Thursday 13 August 2015

Edinburgh Fringe 2015 – An Oak Tree at the Traverse, or, A Great Theatrical Mystery

This is the tenth anniversary production of this show which has, during its lifetime, travelled widely, received an off-Broadway award and, as a google search afterwards revealed, been extravagantly praised by many critics. After sitting through it myself I cannot think how any of this has been possible. This is one of the worst examples of “the emperor has no clothes” theatre it has been my misfortune recently to encounter.

The conceit of Tim Crouch's play is that the other performer changes with each performance and has no idea of the script until they arrive on stage and he starts handing them clipboards and telling them what to say next. For reasons also passing understanding, past reviews reveal that a great many leading men and women have subjected themselves to this experience over the decade. On this occasion the second performer was Sharon Duncan-Brewster who I don't think I have previously encountered.

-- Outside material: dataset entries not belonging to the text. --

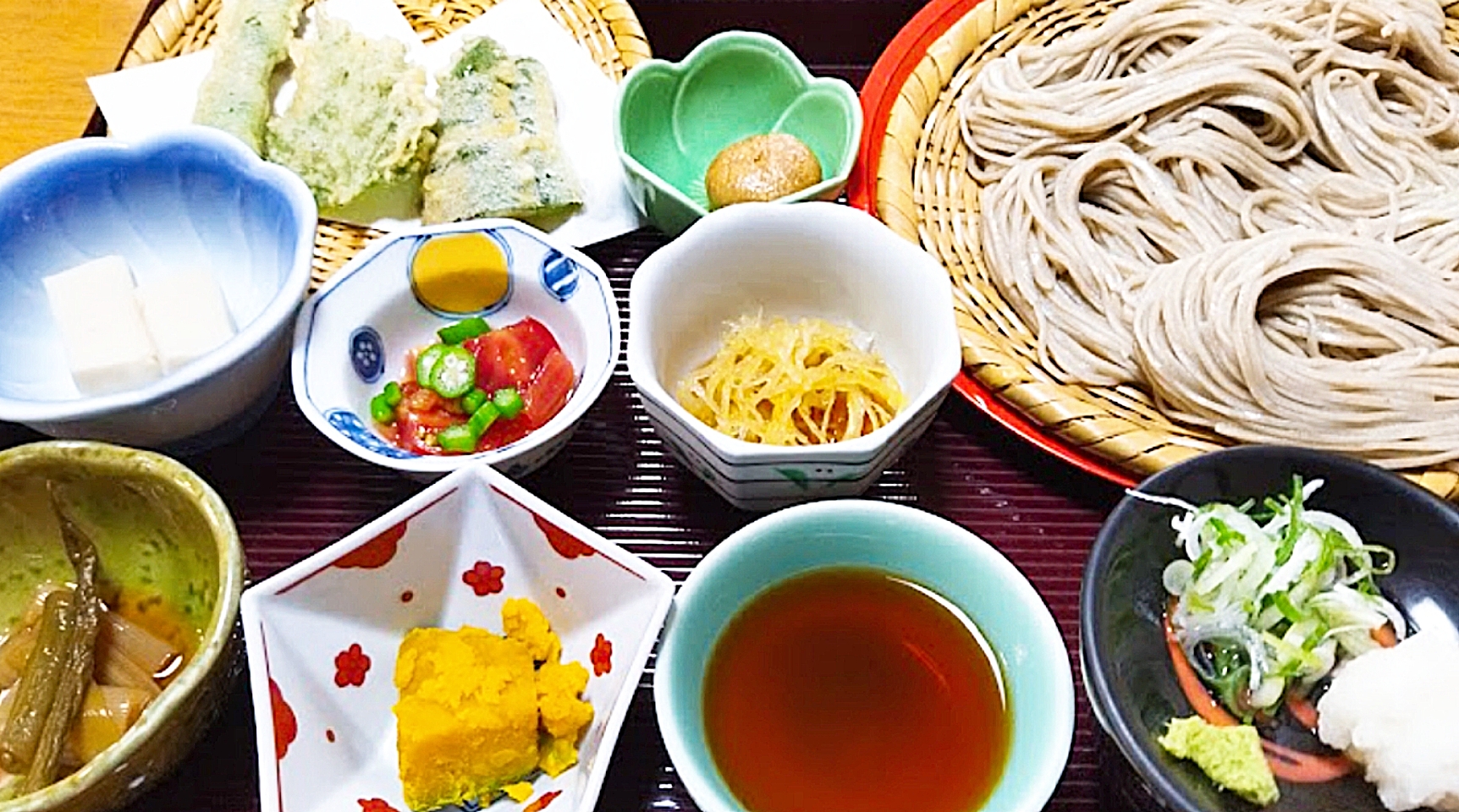 TVでもご紹介いただいた人気メニューです。小鉢5品、野菜天ぷら3種、そばだんごがセットになっており、お蕎麦はざる(冷)かかけ(温)をお選びいただけます。旬な高原野菜を豊富に使用した小鉢は、すべて当店の女将自家製で、お蕎麦との相性もぴったりです。小鉢の内容は、仕入れ状況によって毎回変わりますので、一期一会の出会いをお楽しみください。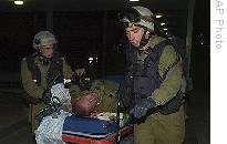 | Israeli soldiers evacuate5 a soldier, injured during an Israeli army operation in Gaza, into a hospital in Beer Sheva, southern Israel, early Sunday, 04 Jan. 2009 |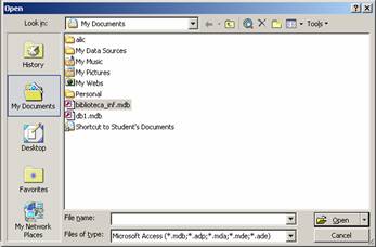 b. Deschidere (Open) - deschide o baza de date creata anterior si memorata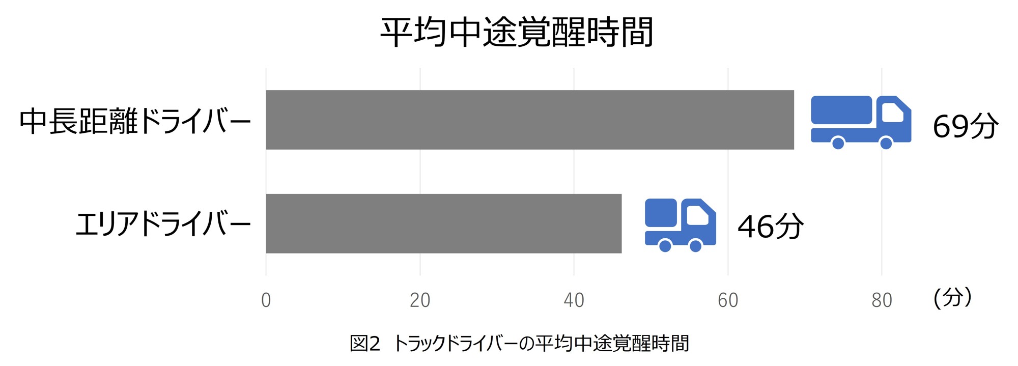 さらに、トラックドライバーの中途覚醒時間について、解析を行いました。中途覚醒時間は睡眠中に目が覚めて起きている時間を示しています。中長距離トラックドライバーは、中途覚醒時間が平均69分であり、エリアドライバーの中途覚醒時間は平均46分でした(図2)。本調査結果において、エリアドライバーよりも中長距離トラックドライバーの方が、中途覚醒時間が長いことが分かりました。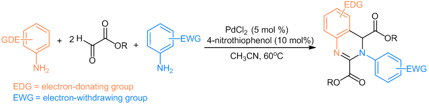 3,4-二氢喹唑啉是一类具有良好的生物活性和药理活性的氮杂环化合物,在杀菌、消炎、止痛、抗癌等方面显示出优良活性。吴超博士以来源丰富、廉价易得苯胺、乙醛酸酯为原料,通过过渡金属催化多组份反应,一步制备结构多样性的N-(喹啉-2-基)羧酰胺衍生物。该研究成果以我校为第一且通讯单位,“Palladium-catalyzed selective synthesis of 3,4-dihydroquinazolines from electron-rich arylamines, electron-poor arylamines and glyoxalates”发表在英国皇家化学会Organic & Biomolecular Chemistry期刊(中科院分区化学大类二区)。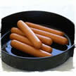 Cellulose, usually from cotton linters, is similarly processed into a paste and extruded into clear, tough casings They are used primarily in the manufacture of industrially cooked sausages (frankfurters, Vienna sausages, hot-dogs, etc.). They also are shirred for easier use and can be treated with dye to make "red hots". The casing is peeled off after cooking, resulting in "skinless" franks. This type is also permeable to smoke and water vapor. They can be flat or shirred, depending on application, and can be pretreated with smoke, caramel color, or other surface treatments.
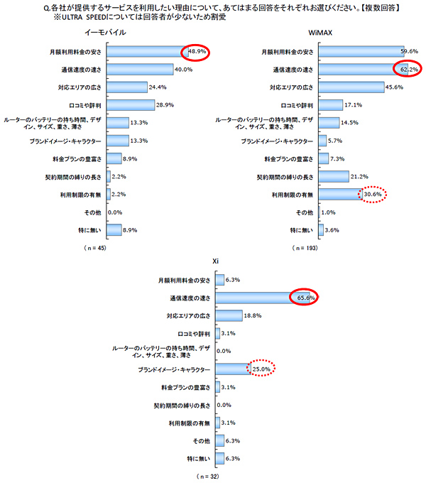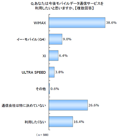 また、各モバイルデータ通信サービスの利用意向について聞いたところ、UQコミュニケーションズの「WiMAX」が38.6%でトップ。次にイー・アクセスの「EMOBILE G4」が9.0%、NTTドコモの「Xi(クロッシィ)」が6.4%となった。サービスごとに利用したい理由を聞くと、「WiMAX」と「Xi」は、「通信速度の速さ」がそれぞれ6割強で最も多かった。

The narrative, such as it is, concerns a hypnotist (Crouch) who killed a child in a car accident (Duncan-Brewster plays the kid's father). Since this tragedy the hypnotist's act has gone to pot until, on this occasion, he ends up with the father as one of the subjects of his act, except he doesn't recognise him. If other critics are to be believed, the play is both a powerful exploration of this relationship, and a clever playing with theatrical form. I don't think it is either of these things.

It fails to be the first because of the totally artificial set up. You can play with the artificial nature of the theatre while still packing emotional punch if you're a playwright as great as, for example, Beckett. Very few people are as great as Beckett, and Crouch most certainly isn't anywhere close. I never believed in the hypnotist or the father from beginning to end and as a result I didn't give a fig about the story. Something might be salvaged from this if Crouch's playing with the form were either very clever or very funny, but again it is neither. It is slow paced, dull and has, as far as I can see, nothing new to say. At £20 for 75 minutes the show is also over-priced. To be avoided.